OptimalBI | We do cool sh!t with data

Intro

Through experience, I have learned to avoid using triggers in my development projects where possible. Focusing on their disadvantages rather than benefits coming from their careful use. Mainly because triggers are always hidden from developer’s sight, sometimes with a hard to predict behaviour and difficulty with traceability especially if you are trying to implement business logic or work with a legacy code.
However, I have found triggers being an indispensable part of the recent project.
As I mentioned in my last blog Why PostgreSQL might be a good choice for your project? Postgres RDS instance running in AWS was our prime choice for the project – config driven data storage.
As Postgres RDS does not include support for pgAgent (basic scheduling agent) extension the options for implementing an event based scheduler were either developing an external scheduling mechanism or use of triggers to invoke tasks execution to be handled by the database. The first option appeared to be time-consuming. The second one sounded promising.
Below I will cover the approach for the asynchronous load capability I have implemented with the help of triggers.

Triggers in Postgres

A trigger is automatically performed when a specified database event occurs. In Postgres triggers can be created for both tables and views and fired BEFORE, AFTER or INSTEAD OF a DML operation for each row or for each statement (frequently related to DDL events).
However, unlike other RDBMS Postgres implementation has its own peculiarities.
First, you need to create a trigger function with no parameters and returning special type trigger as an output parameter. Trigger arguments can be passed via an array of text parameters TG_ARGV and accessible in the function. Simple.
Having done the above you are ready to bind the function to a table/view in CREATE TRIGGER statement.
And voila!
To learn more about PostrgeSQL triggers visit Trigger procedures and Overview of trigger behaviour.

Design

Assumptions

An external loader puts data into source table. The data should be brought through to the storage being cleaned and transformed on the way.
A config-driven data engine assumes load and transformation tasks split into steps in a reusable manner.

Definitions

Below are the definitions of the terminology I have used to explain the process.
The schedule is utilised to plan the process of data transformation and loading for a particular table and consist of the tasks. Each task reflects the operation needed to be performed on data. The operation might be either a stored function or a block of code and stored in a config DB. As transformation can be a continuous process, it might consist of several steps. One operation – one step. Tasks for particular schedule are ordered and grouped in task hierarchy and executed one by one.
A job is an act of loading a table, assigned to execute tasks for a single load.
The queue contains a list of tasks for an execution for a particular schedule job. During the execution, a task can change its state from QUEUED to PROCESSING then DONE or FAILED.

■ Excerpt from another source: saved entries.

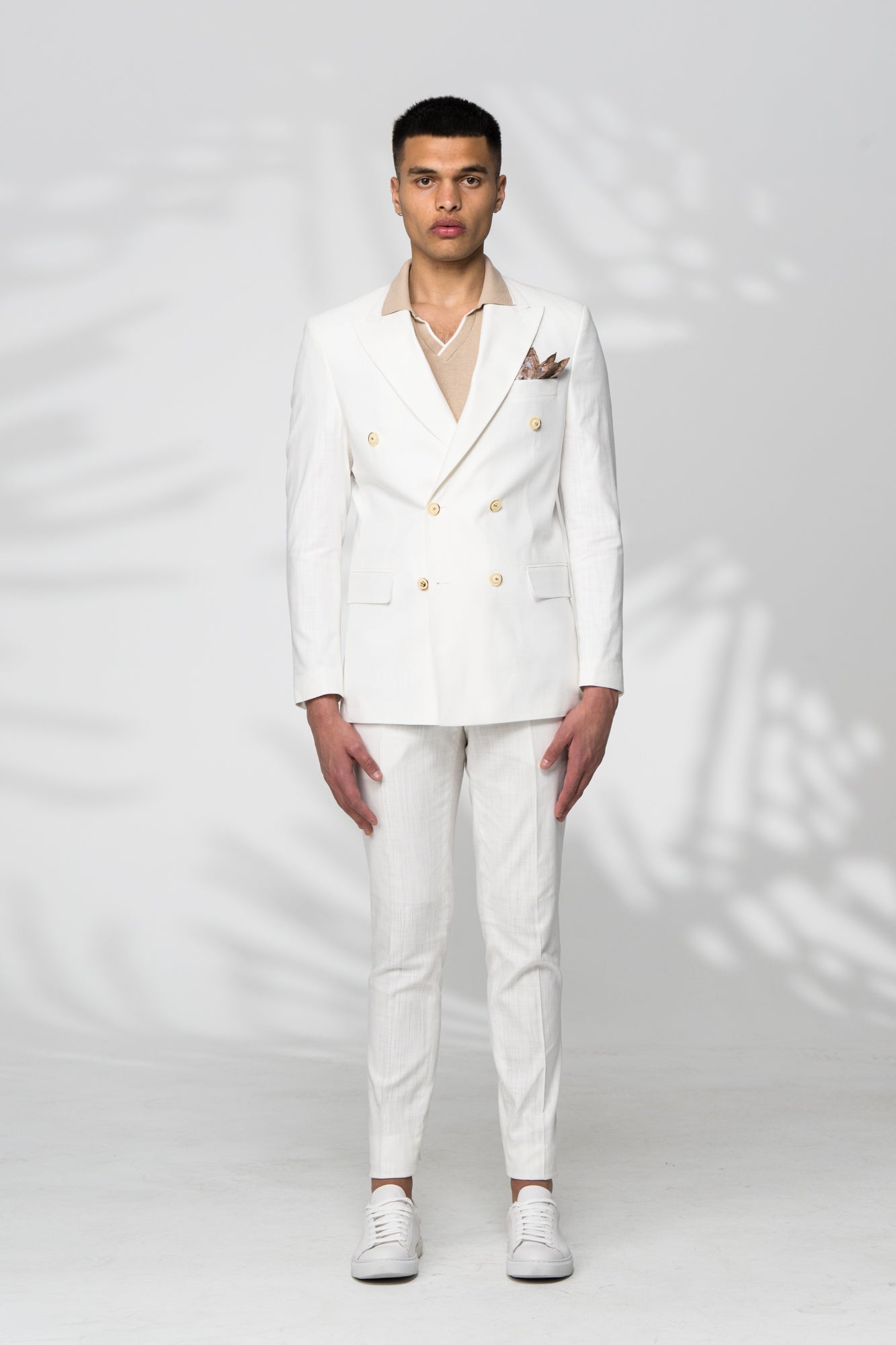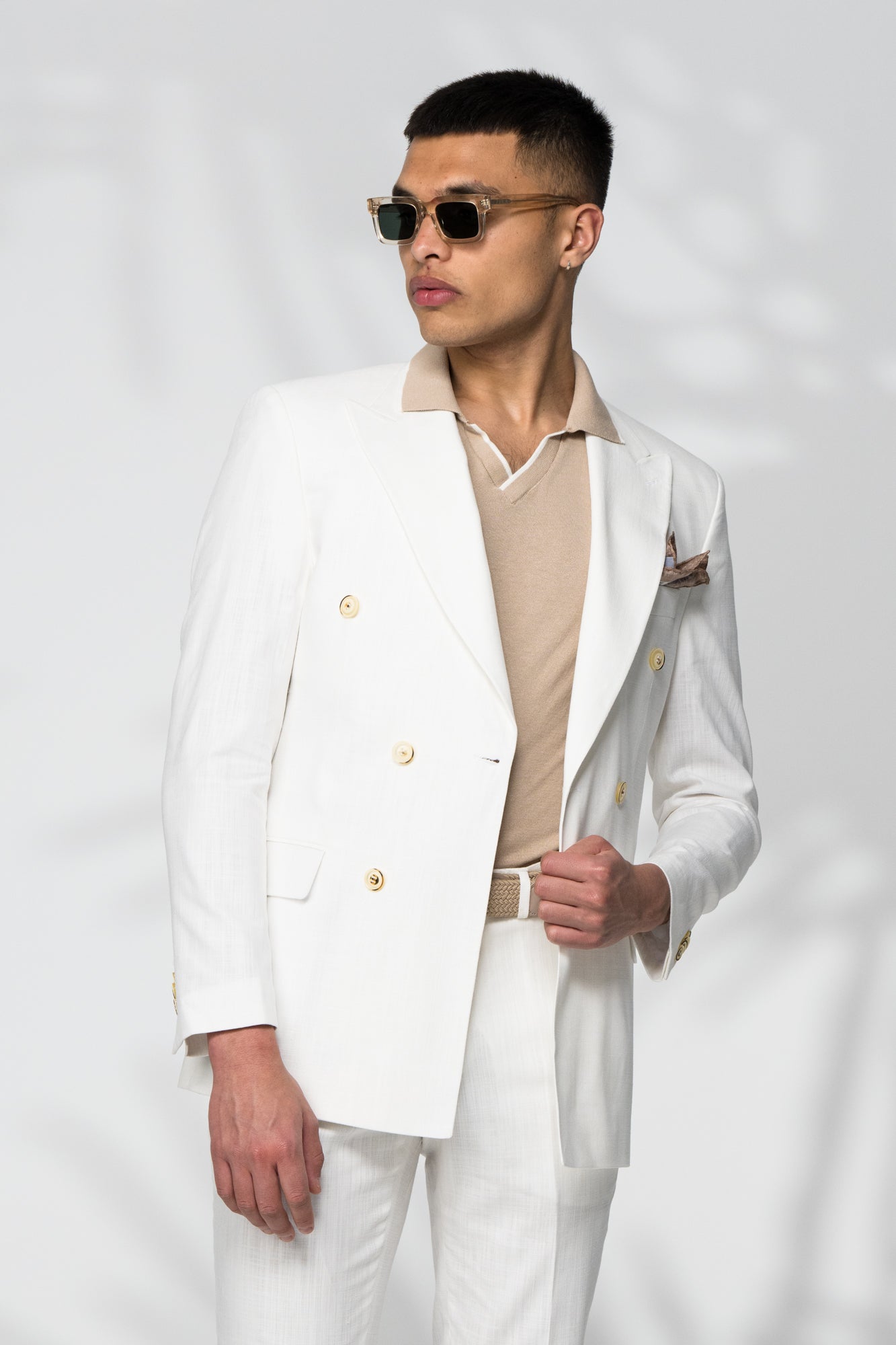 Breezy sophistication for the warmer months — the Lincoln suit is designed for summer living without sacrificing style. Cut from a breathable linen–cotton blend, this double-breasted suit keeps you cool and comfortable even in high temperatures. Featuring a structured Italian silhouette with a wide peak lapel, contrast buttons, and flap pockets, it’s the ultimate warm-weather ensemble for refined dressing. From daytime celebrations to evening soirees, the Lincoln ensures you’ll always look sharp under the sun.
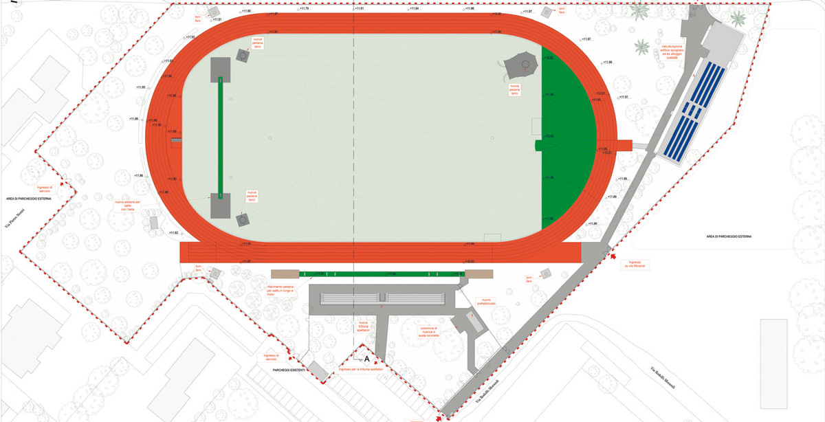 Sostituita anche la tribuna per il pubblico in c.a.v., sostituita con una prefabbricata di analoghe dimensioni, atta ad ospitare 420 spettatori con 4 posti per disabili.
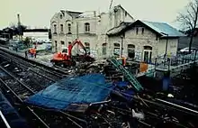 The station building was built of yellow bricks in 1870 together with the rest of the station. The station restaurant was closed in 1970 and the ticket office was closed 1975. The municipality of Nottuln acquired the heritage-listed entrance building in 1999. All attempts to sell the building, including over eBay, were unsuccessful.[5] On 18 January 2007, the roof of the station building was so badly damaged by extratropical cyclone Kyrill that it had to be demolished in April 2007 for safety reasons.
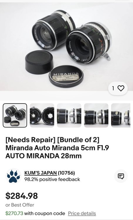 24. Wow, I think that one speaks for itself. I actually just made my first ever purchase from Buyee. The lens was not well photographed or chronicled, but it was listed for a price that I couldn't pass it up. I think one of the things that has stopped me in the past is that I didn't know what the shipping fees would be, and now the tariffs are an x-factor as well (I read 17% a few days ago, but who knows). But for $30, it seemed like an experiment worth trying.
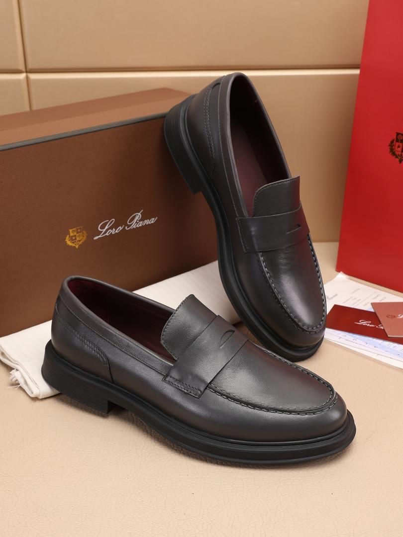 Мужские кожаные лоферы Loro Piana Travis 2024 темно-серые
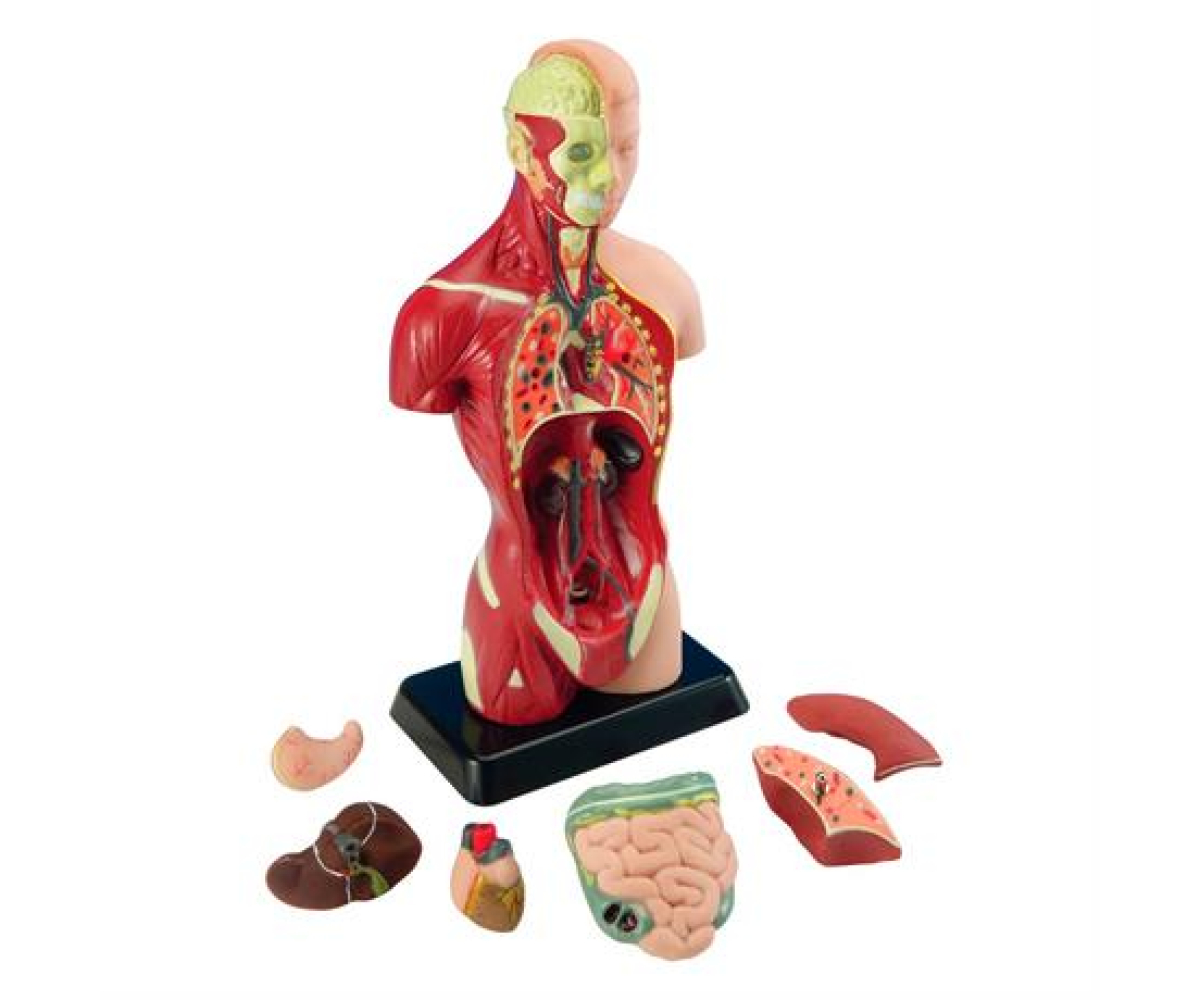 Використовується як дидактичний матеріал для уроків біології. Обʼємна модель. Торс людини (анатомічна модель людини збірна 27 см), складається з 8 елементів і підставки. Макет призначений для наочного вивчення анатомії.
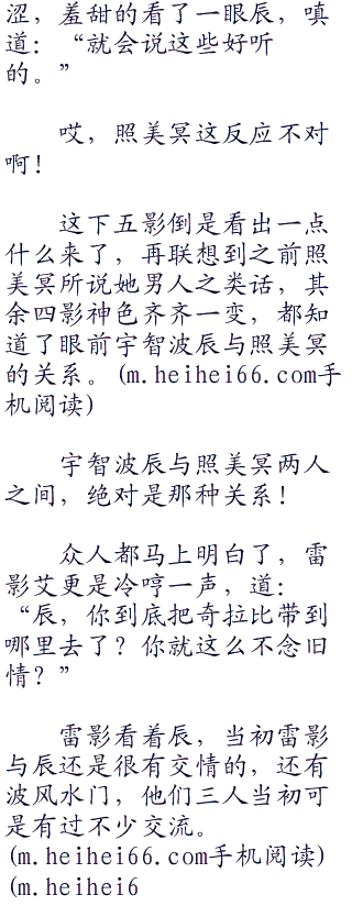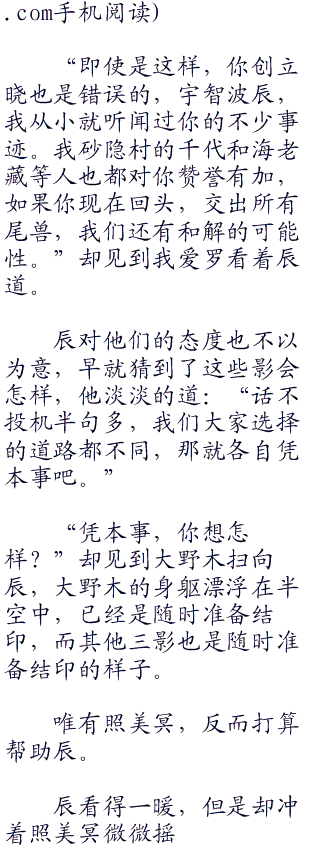 辰的目光掠过带土和几位影时,都是无比冷漠,唯独在看到照美冥时,也是变得柔和起来。

How does all this work together?

A procedure to initiate DB load is called externally after a source table load has finished. It queues valid tasks for execution and updates the first task status to DONE. By definition, the very first task on the schedule is always a source load task which triggers consecutive execution of other queued tasks. After all the tasks have been completed successfully the queue for the particular job gets cleaned and tasks are moved to queue history.
If one of the tasks fails during the execution the job stops. You won’t be able to proceed with other loads (for a particular schedule) until you resolve issues with the failing task.
You can even work with frequently arriving data this way. As all consecutive tasks for other load jobs for a particular schedule will be queued until the previous jobs have executed.
So…from technical point of view to implement the described process I managed to get by following.
Creating a trigger on the Queue table and a related trigger function to initiate a job schedule run.

CREATE FUNCTION init_schedule_run () RETURNS trigger
LANGUAGE plpgsql
AS $$
DECLARE
result_v INT;
BEGIN
SELECT run_next_schedule_task(new.job_id, new.schedule_key, new.schedule_task_key)
INTO result_v;
END $$CREATE TRIGGER queue_tgu
AFTER UPDATE ON queue
FOR EACH ROW EXECUTE PROCEDURE init_schedule_run ();

Scripting load_status_update procedure to queue tasks for a schedule.

CREATE FUNCTION load_status_update (table_schema_in character varying, table_name_in character varying) RETURNS void
AS $$
BEGIN
<<logic>>
END
$$

Crafting one more function to identify and execute the next task from the schedule.

CREATE FUNCTION run_next_schedule_task (job_id integer, schedule_key integer, parent_task_key integer) RETURNS integer
AS $$
BEGIN
<<logic>>
END
$$

I have found this way of doing things are stable and provides a good degree of parallelism when processing data. This approach saved a lot of time on development of an external scheduling tool. However, there is always a room for improvement and the next step will be working on a schedule restart part and developing a proper logging system using dblink extension for imitating sub transactions.
Happy scheduling!
Anastasia

Anastasia blogs about Data Vault and Business Intelligence for both technical and non-technical people.